Interleukin 10 (IL-10, CSIF) is an anti-inflammatory cytokine mainly produced by macrophages and Th2 cells. IL-10 is an 18.6 kDa protein of 160 amino acid residues that shares over 80% sequence homology with the Epstein-Barr Virus protein (BCRFI).
The reported biological activities of IL-10, which maybe interrelated, include inhibition of macrophage-mediated cytokine synthesis, suppression of the delayed-type hyper-sensitivity response, and stimulation of the Th2 cell response which results in elevated antibody production. IL-10 functions by inhibiting pro-inflammatory cytokines made by macrophages and regulatory T cells including IFN-gamma, TNF-alpha, IL-2, and IL-3, IL-4, and GM-CSF.

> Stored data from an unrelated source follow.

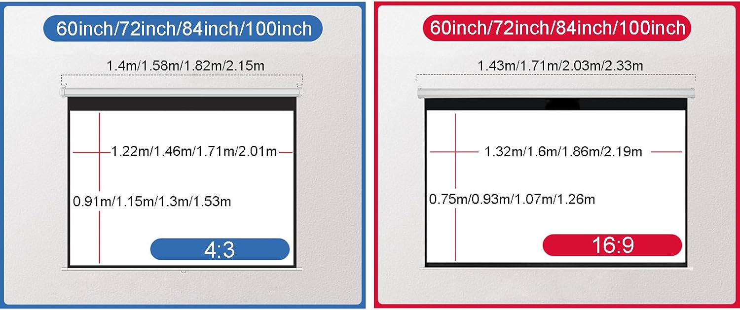 4:3/16:9 HD Manual Pull-Down Retractable Projection Screen with Auto-Locking, Wall-Mounted Projector Screen Portable Projection Screen for Home Theater (60inch 16:9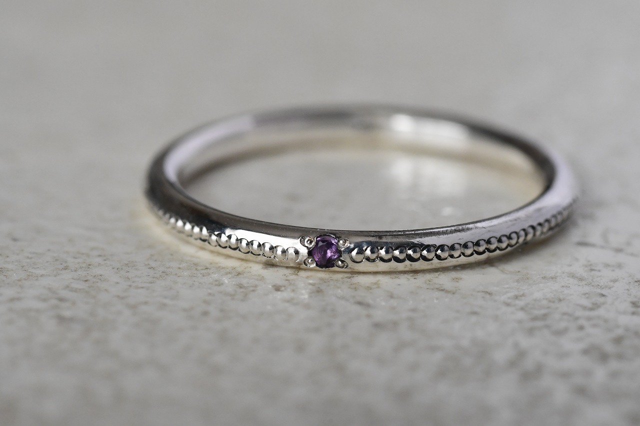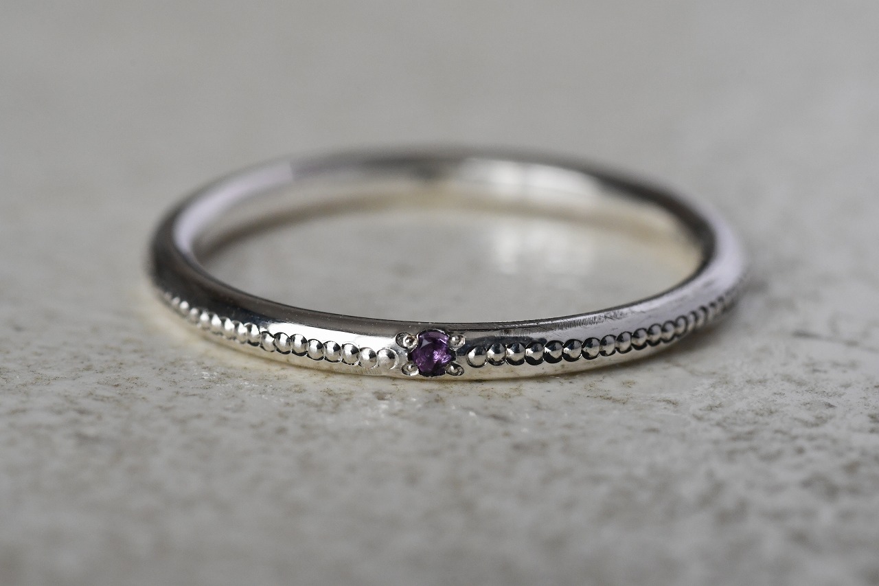 2月の誕生石であるアメジストはその透明な紫色の輝きが最大の特徴で、古来、エジプトやユダヤ教、キリスト教世界などで装飾品などに使われ、特にキリスト教世界では司教の石といわれ全員がこの指輪をはめていたといわれています。古くから「酔わないための石」と伝えれれていて、感情の波などに飲み込まれて酔わないようにという願いも込められていたようです。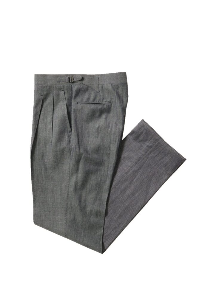 世界的なパンツファクトリーブランド「イガラシトラウザーズ」にて製作。反応染めの糸を綾織りでデニム調に仕上げた生地で絶妙な奥行きを表現。「ジャパントラッド」より展開。5万9400円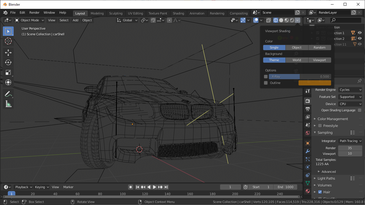 インタラクティブなレンダリングのために、シーンレンダリングエンジンを使用して3Dビューポートをレンダリングします。デフォルトでは、シーンライトがライティングに使用されます。マテリアル プレビュー モードと同じオプションで、HDRI 環境も使用できます。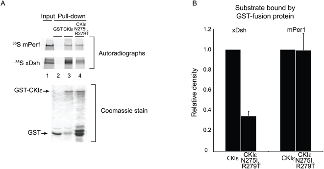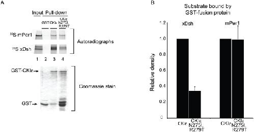 Figure 5. The C-terminal tail enhances binding of xDsh and mPer1 to mutant CKIε.(A) GST, GST-CKIε, or GST-CKIε N275I/R279T was bound to glutathione sepharose and incubated with 35S-labeled xDsh or mPer1. (B) Quantification of three independent experiments. Values are normalized against the amount of protein bound by GST-CKIε. |
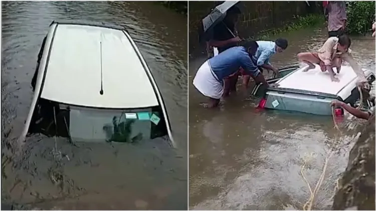 കൊച്ചിയിൽ വെള്ളക്കെട്ട്, പേട്ടയിൽ ഊബര്‍ കാര്‍ കാനയിൽ വീണു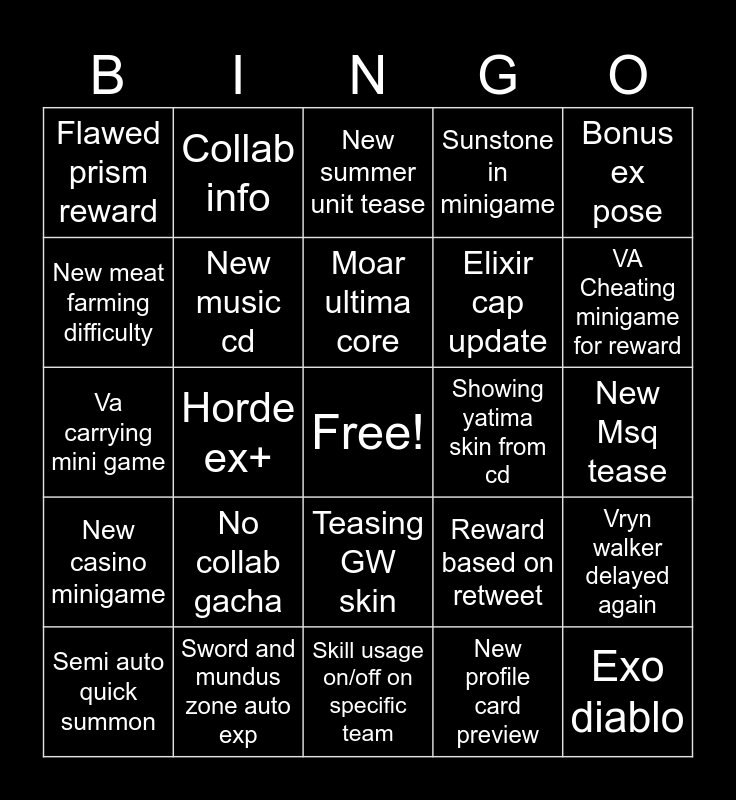 This bingo card has a free space and 24 words: No collab gacha, Sword and mundus zone auto exp, Moar ultima core, Semi auto quick summon, Bonus ex pose, Flawed prism reward, New meat farming difficulty, Collab info, Showing yatima skin from cd, Teasing GW skin, Elixir cap update, Va carrying mini game, Reward based on retweet, Vryn walker delayed again, New music cd, New profile card preview, New Msq tease, New summer unit tease, VA Cheating minigame for reward, Horde ex+, Exo diablo, New casino minigame, Sunstone in minigame and Skill usage on/off on specific team.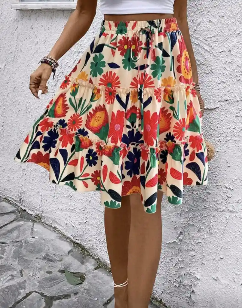 HERMOSA FALDA DE FLORES EN PROMOCION TROPICAL HORMA BELLO TALLA S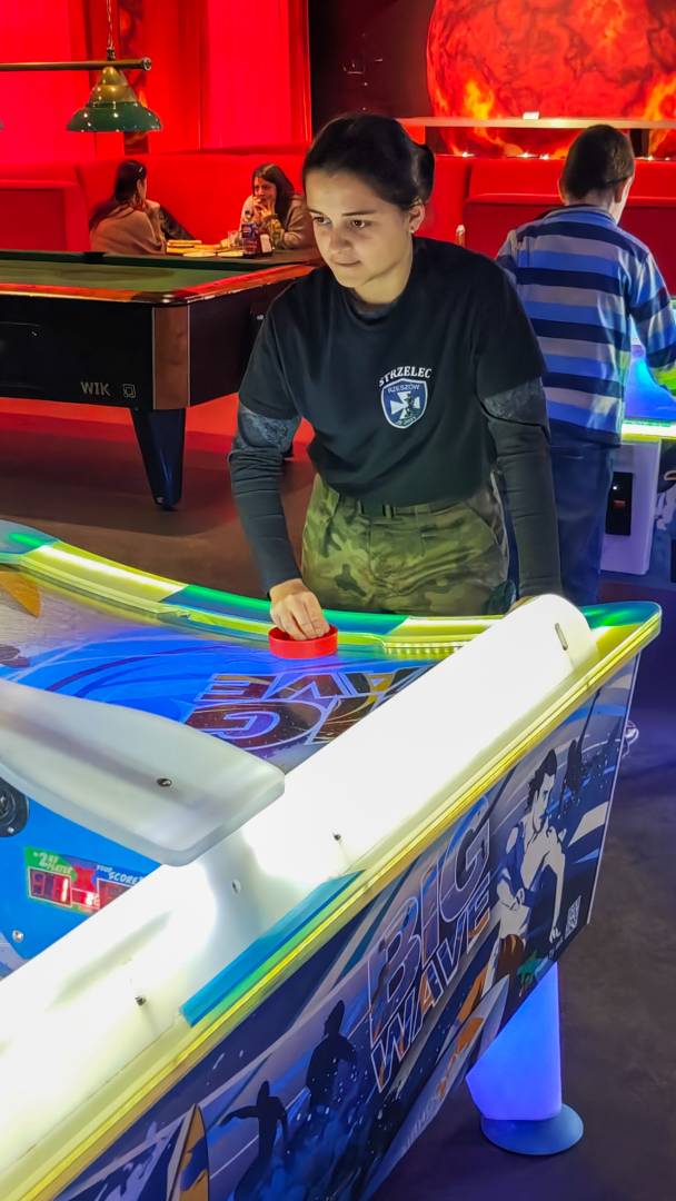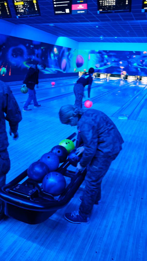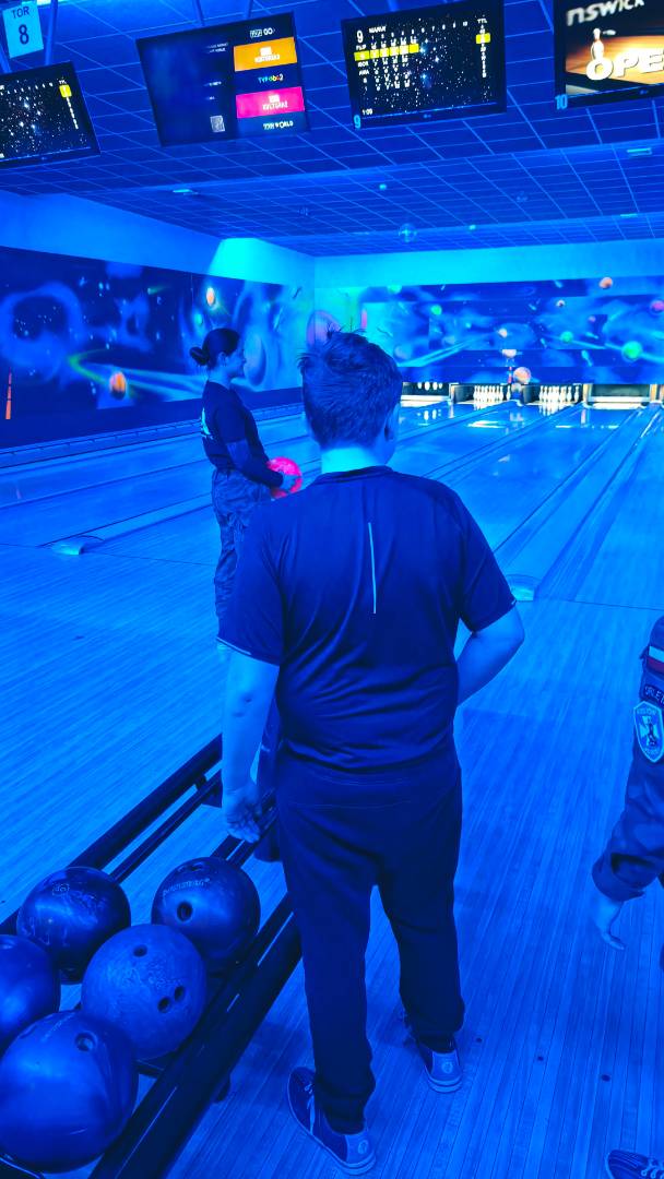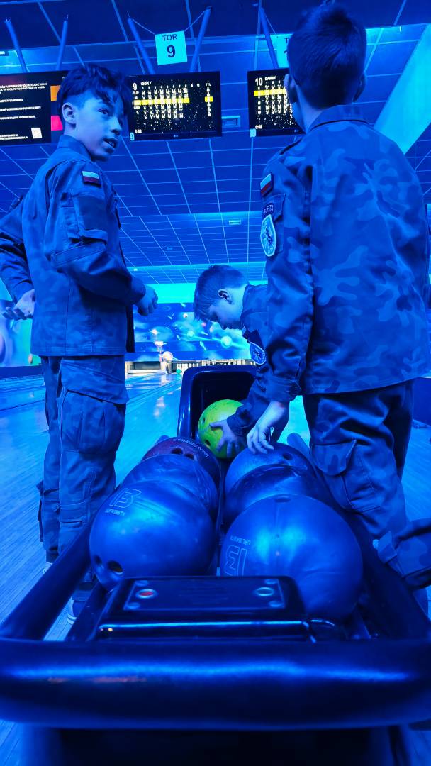 Kolejnym punktem programu była wizyta w kręgielni. Tam Orlęta mogły spróbować swoich sił na torach, rywalizując w przyjaznej atmosferze i doskonaląc koordynację ruchową. Radości i śmiechu nie brakowało – każdy celny rzut nagradzany był gromkimi brawami. Oprócz gry w kręgle odbyły się również zabawy ruchowe, które pozwoliły spożytkować energię i jeszcze bardziej zintegrować uczestników.

IL-10 is also known to suppress antigen presentation on antigen presenting cells, enhances B cell survival, proliferation, and antibody production. IL-10 can block NF-kappa B activity, and is involved in the regulation of the JAK-STAT signaling pathway. While human IL-10 can act on murine cells, murine IL-10 cannot act on human cells. Binds to a retinoid X receptor (RXR) responsive element from the cellular retinol-binding protein II promoter (CRBPII-RXRE).
IL-10 inhibits the 9-cis-retinoic acid-dependent RXR alpha transcription activation of the retinoic acid responsive element. Knockout studies in mice suggest the function of this cytokine as an essential immunoregulator in the intestinal tract.